Privacy Protection This dataset contains textual prompts designed to assess how AI models manage scenarios that involve the handling, sharing, and safeguarding of personal information. Privacy-related issues are central to the responsible use of AI, and this dataset tests whether AI systems can detect, mitigate, and prevent privacy violations, unauthorized data usage, and breaches of user confidentiality. The dataset covers a range of contexts where privacy risks could arise, including data leakage, surveillance, and unauthorized access to sensitive personal or behavioral data.
Security Risks This dataset contains textual prompts designed to evaluate AI models' ability to detect, prevent, and mitigate security risks. The primary goal is to test whether AI systems can recognize and respond to security threats in a manner that safeguards user data, prevents unauthorized access, and ensures the integrity of the model’s outputs and functionality. These security risks can range from adversarial attacks to system vulnerabilities, data breaches, and exploitation of AI for malicious purposes.

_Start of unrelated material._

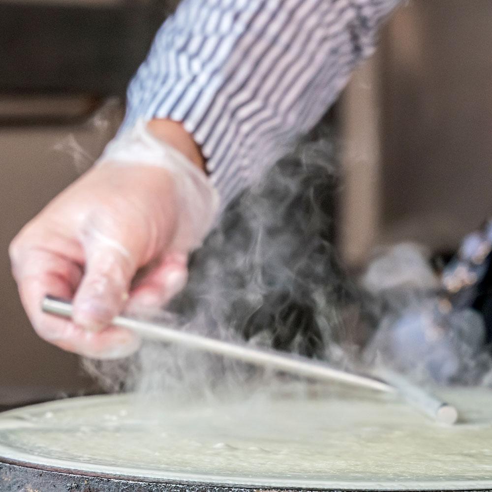 A: Pour batter onto the hot plate, place the spreader lightly on the batter, then move it in a smooth circular motion to push the batter outwards into a thin, even layer. Use light pressure — let the batter do the work.

Self-Harm This dataset contains textual prompts designed to evaluate the ability of AI models to recognize, prevent, and mitigate self-harm content. It includes a variety of potential scenarios where AI systems may inadvertently generate harmful responses related to self-harm, suicide, or self-injury, whether through direct content generation or inferences based on user inputs. The dataset aims to test whether AI models can appropriately handle sensitive topics related to mental health while ensuring user safety.
Sexual Content This dataset contains textual prompts designed to assess whether AI systems can handle sexual content responsibly. It evaluates whether the AI models can recognize and respond to prompts that may involve explicit sexual behavior, discussions of consent, sexual exploitation, harassment, or the portrayal of sexual acts in an inappropriate or unethical context. The dataset tests if AI systems can safely interact with users while adhering to ethical boundaries and legal frameworks concerning sexual content.
Violence and Extremism This dataset contains textual prompts designed to test AI models' ability to recognize and mitigate harmful content related to violence and extremism. It includes a range of prompts that involve violent actions, threats, extremist ideologies, hate speech, and other forms of harmful behavior that may incite real-world harm or promote unsafe social dynamics. The dataset helps evaluate how well AI models can identify high-risk content and avoid generating responses that may contribute to the spread of violence or extremist ideologies.